Task statement:
The material below holds a span beginning at the line with "Pieds de poteau" and ending at the line with "戦績 | 70戦60勝10敗". Quote that span exactly, both ends included, and only that span.

Records for the task:
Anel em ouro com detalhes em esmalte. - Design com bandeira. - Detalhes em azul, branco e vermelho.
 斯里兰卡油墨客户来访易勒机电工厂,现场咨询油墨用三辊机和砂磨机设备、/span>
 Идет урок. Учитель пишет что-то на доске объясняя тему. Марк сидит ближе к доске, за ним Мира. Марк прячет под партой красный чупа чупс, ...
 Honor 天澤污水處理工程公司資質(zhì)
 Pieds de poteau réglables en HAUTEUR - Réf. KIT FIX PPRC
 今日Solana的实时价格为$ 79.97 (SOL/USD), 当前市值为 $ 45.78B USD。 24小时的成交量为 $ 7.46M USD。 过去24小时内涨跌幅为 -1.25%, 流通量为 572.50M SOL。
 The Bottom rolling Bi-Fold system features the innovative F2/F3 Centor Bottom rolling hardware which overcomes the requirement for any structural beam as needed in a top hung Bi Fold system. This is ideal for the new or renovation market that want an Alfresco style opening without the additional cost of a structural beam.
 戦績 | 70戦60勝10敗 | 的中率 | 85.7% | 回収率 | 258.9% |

...

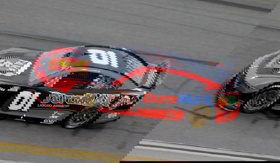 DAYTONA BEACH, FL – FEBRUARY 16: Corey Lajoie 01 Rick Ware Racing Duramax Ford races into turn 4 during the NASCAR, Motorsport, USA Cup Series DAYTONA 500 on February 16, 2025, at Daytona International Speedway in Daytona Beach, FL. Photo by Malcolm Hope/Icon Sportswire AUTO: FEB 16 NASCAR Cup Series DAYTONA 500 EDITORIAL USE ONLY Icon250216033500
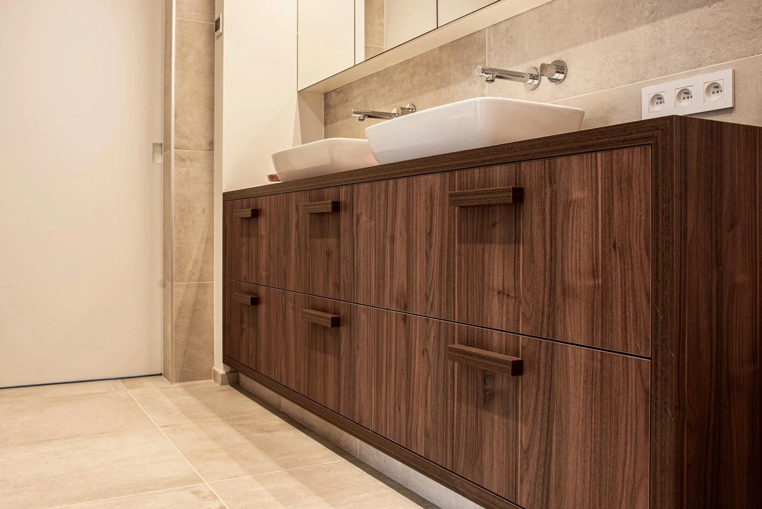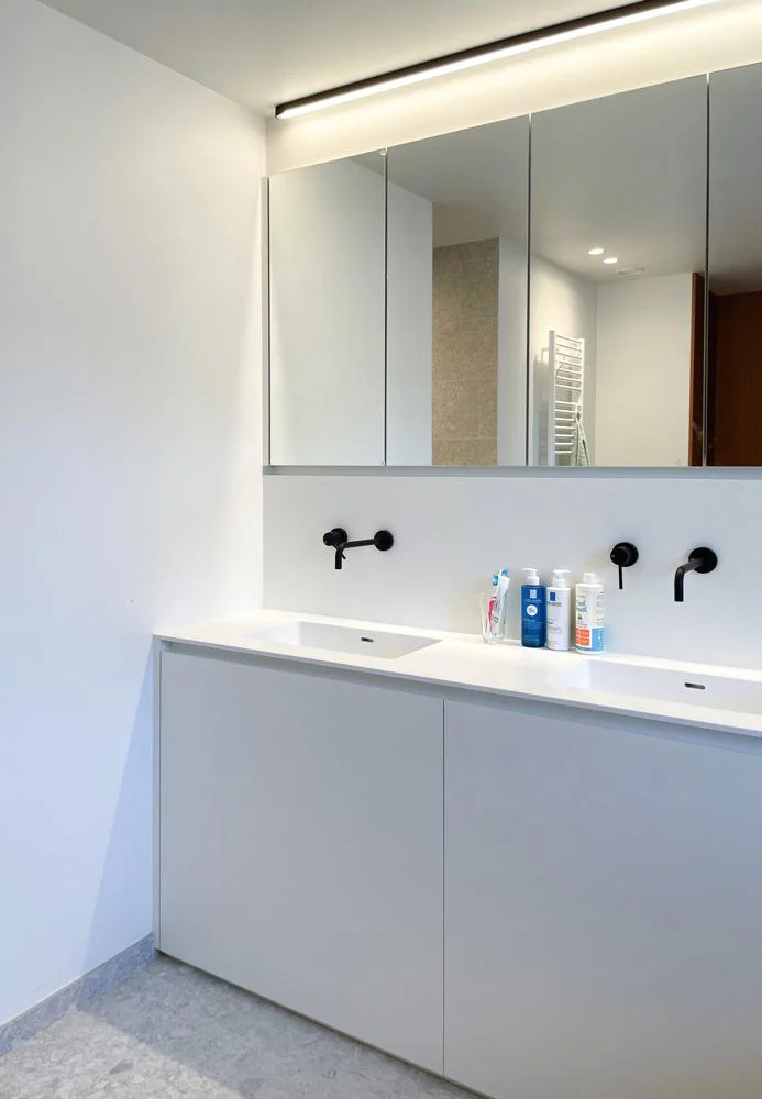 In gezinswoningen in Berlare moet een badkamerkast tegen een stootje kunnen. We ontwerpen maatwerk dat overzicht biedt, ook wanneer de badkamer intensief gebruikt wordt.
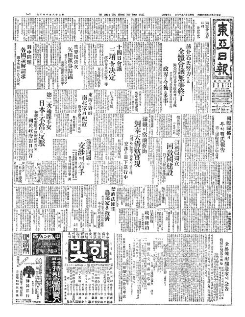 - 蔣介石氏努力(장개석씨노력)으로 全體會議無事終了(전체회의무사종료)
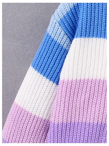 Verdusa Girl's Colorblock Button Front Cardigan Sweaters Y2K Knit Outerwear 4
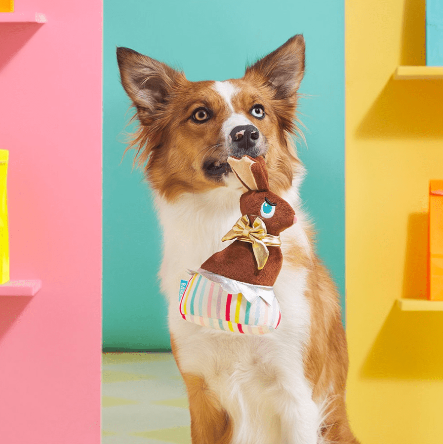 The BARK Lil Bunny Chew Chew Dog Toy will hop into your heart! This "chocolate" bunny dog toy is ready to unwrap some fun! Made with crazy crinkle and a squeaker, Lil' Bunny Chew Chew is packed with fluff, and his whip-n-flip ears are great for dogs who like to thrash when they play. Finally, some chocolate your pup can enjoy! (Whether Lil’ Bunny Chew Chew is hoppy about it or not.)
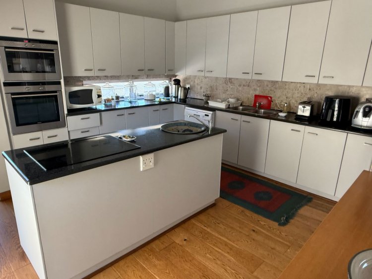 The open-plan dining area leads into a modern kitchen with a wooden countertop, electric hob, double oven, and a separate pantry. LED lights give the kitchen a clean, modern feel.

Answer:
 Pieds de poteau réglables en HAUTEUR - Réf. KIT FIX PPRC
 今日Solana的实时价格为$ 79.97 (SOL/USD), 当前市值为 $ 45.78B USD。 24小时的成交量为 $ 7.46M USD。 过去24小时内涨跌幅为 -1.25%, 流通量为 572.50M SOL。
 The Bottom rolling Bi-Fold system features the innovative F2/F3 Centor Bottom rolling hardware which overcomes the requirement for any structural beam as needed in a top hung Bi Fold system. This is ideal for the new or renovation market that want an Alfresco style opening without the additional cost of a structural beam.
 戦績 | 70戦60勝10敗 | 的中率 | 85.7% | 回収率 | 258.9% |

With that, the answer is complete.